None of that matters if you pick the wrong exchange. Coinbase charges up to 0.40% per trade on Advanced. Kraken charges zero for Kraken+ members. Gemini charges 1.49% on simple buys. Robinhood wraps crypto fees into spread markups you cannot see. The difference between the cheapest and most expensive option on this list can cost you thousands per year if you trade regularly.
About 30% of US adults, roughly 70.4 million people, now hold crypto. This guide compares the best crypto exchanges in the USA for 2026, breaks down fees that actually matter, explains how new regulation changes the game, and helps you buy crypto on a platform that fits.
Best crypto exchange comparison table
| Exchange | Trading fee | Coins | USD deposit | Best for |
|---|---|---|---|---|
| Kraken | 0-0.40% (Kraken+: 0%) | 450+ | Free ACH | Lowest fees, advanced tools |
| Coinbase | 0-0.40% (Advanced) | 240+ | Free ACH, $10 wire | Biggest US exchange, staking |
| Gemini | 0.20-1.49% | 99 | Free ACH, 3.49% card | Security certifications |
| Crypto.com | 0-0.50% | 400+ | Free ACH | Visa card, earn program |
| Robinhood | 0% (spread markup) | 30+ | Free ACH | Stocks and crypto together |
| Binance.US | 0.10% | Limited | Restricted | Avoid (regulatory issues) |
| Bitstamp | 0-0.40% | 80+ | Free ACH | European heritage, clean record |
| River | 0-0.20% | BTC only | Free ACH | Bitcoin-only, auto DCA |
| Swan Bitcoin | 0-0.99% | BTC only | Free ACH | Long-term bitcoin accumulators |
| eToro | 1% + spread | 100+ | Free bank transfer | Social trading, copy portfolios |
Fees shown are for the exchange's most competitive tier. Simple buy, instant, and card-based purchases typically cost more. Always check the fee you see on the actual purchase screen.

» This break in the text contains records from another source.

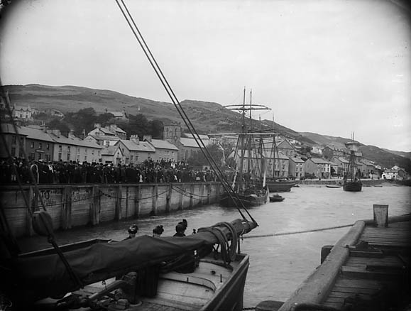 1 negative : glass, dry plate, b&w ; 16.5 x 21.5 cm.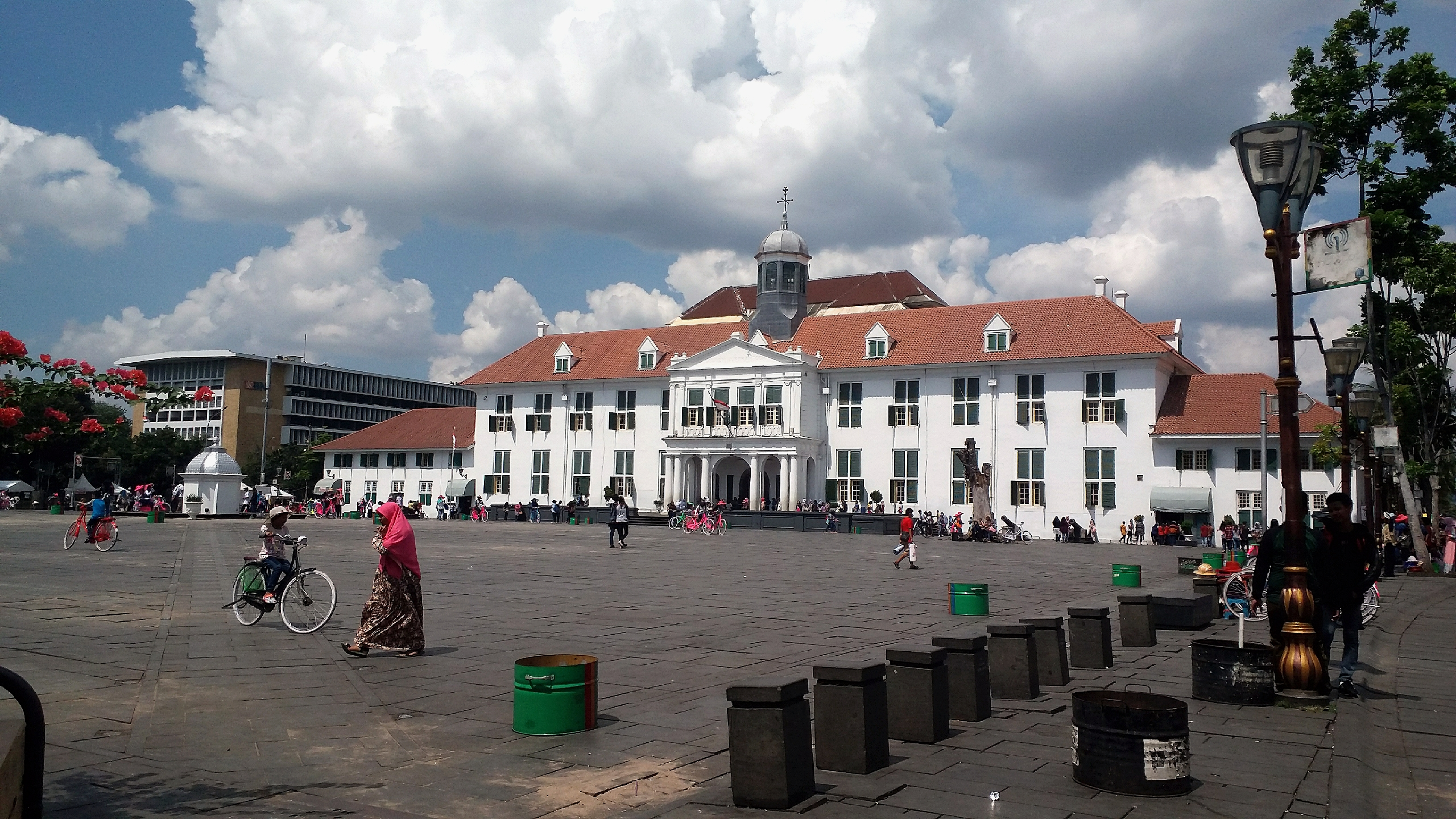 Jakarta old town. The stadhuis. This is a real my own work.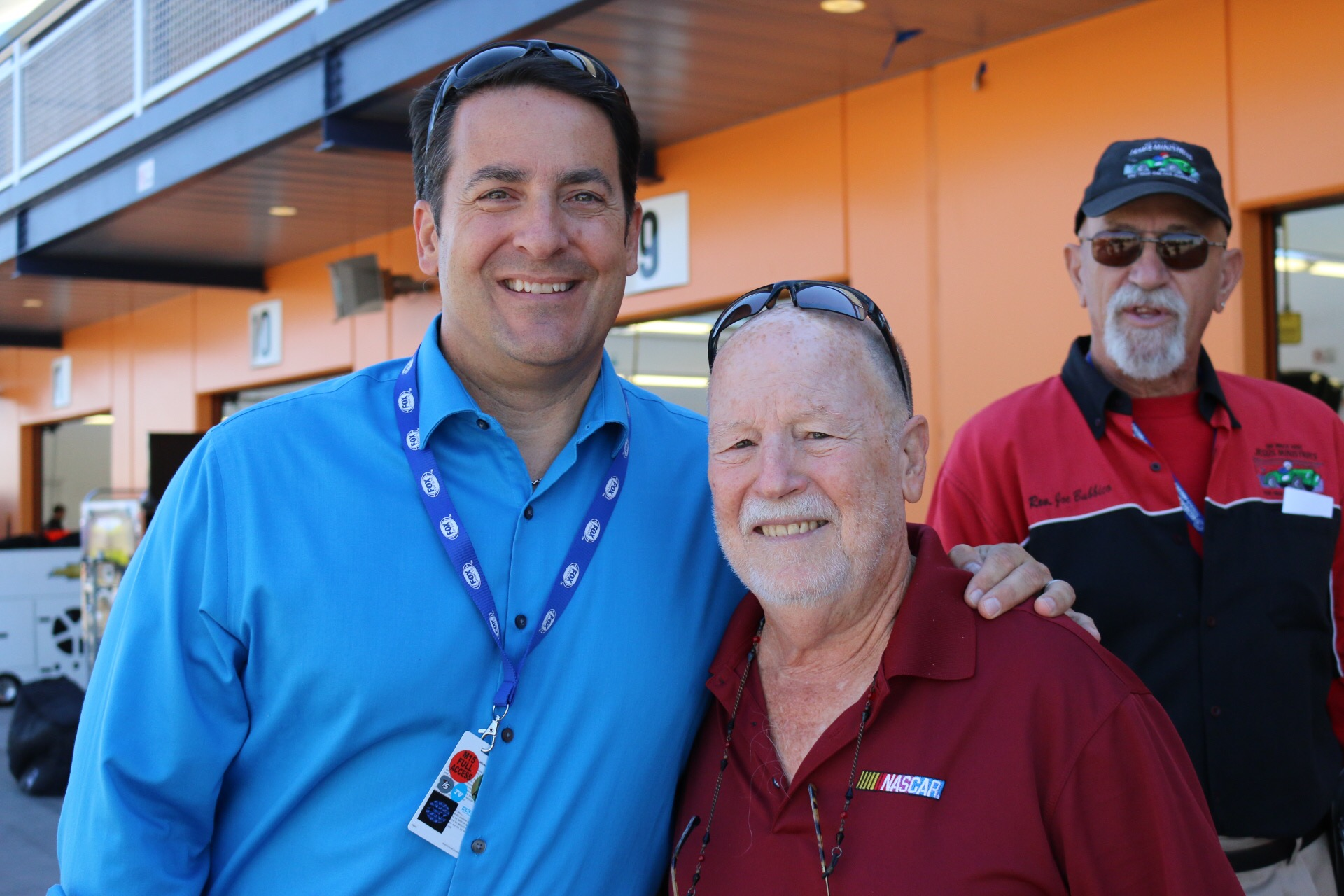 Ralph Sheheen w/Owen Kearns at Las Vegas Motor Speedway - October 2015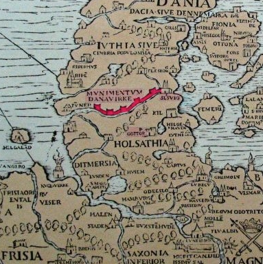 Detail from the quoted map, demonstrating the water body south of the Danevirke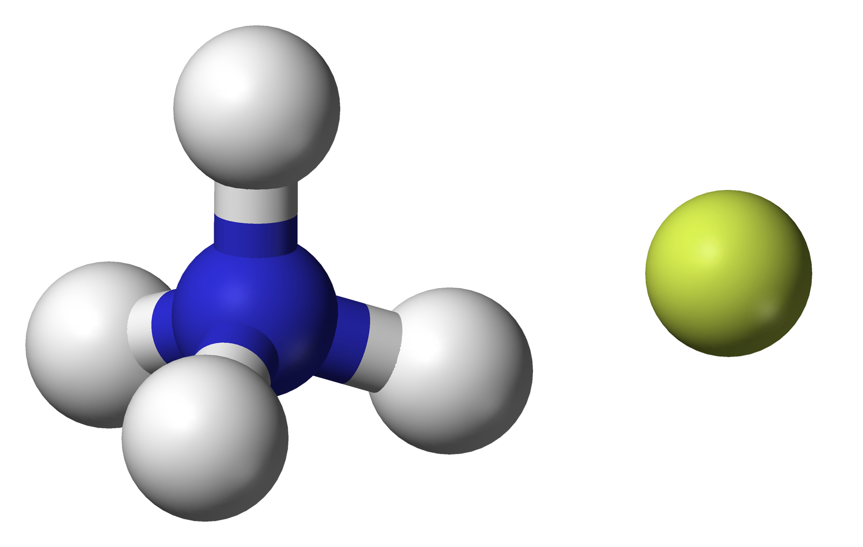 Ball-and-stick model of ammonium fluoride, showing an ammonium cation (left) and a fluoride anion (right).

How to choose the best crypto exchange
Ask ten first-time crypto buyers which exchange they picked and seven of them say Coinbase. It is the name people know. But knowing a name and getting the best deal are two different things.
Fees first? Kraken+ charges nothing. Zero. There is a monthly subscription, but the trades themselves are free. Without the sub, you pay 0.25% maker and 0.40% taker. Anyone moving a few hundred bucks a month saves money on Kraken's low fees versus Coinbase's 0.40%.
Already on Robinhood for stocks? You can add bitcoin, ethereum, solana, and about 30 more tokens without opening a new account. No visible fee, but Robinhood hides the cost inside the spread. Independent estimates put it at 0.5-1.5% per trade. Cheap? Not really. You also could not withdraw crypto for years. Robinhood now allows transfers, but the crypto-first crowd still eyes it suspiciously.
Paranoid about security? Gemini stacks certifications: SOC 1 Type 2, SOC 2 Type 2, ISO 27001. Only exchange in the US with all three. Hot wallet fully insured. Regulated by NYDFS in New York, the toughest state regulator. Fees are higher. You are paying for the compliance infrastructure.
Bitcoin only? River (0-0.20%) and Swan Bitcoin (0-0.99%) sell nothing except BTC. No altcoins. No distractions. Automatic recurring buys. Both available in all 50 states.

Coinbase: buy crypto with the most coins
100 million users. Publicly traded on NASDAQ (COIN). 300+ cryptocurrencies. Available in all 50 states. Coinbase is the largest crypto exchange in the US by every measure that counts.
The fee structure has layers. Coinbase Advanced charges 0-0.40% depending on 30-day volume. The simple buy interface can hit 1.49% for bank transfers and 3.99% for cards. Staking offers yields on ETH, SOL, and other tokens. The Coinbase One subscription ($29.99/month) removes trading fees entirely for most transactions.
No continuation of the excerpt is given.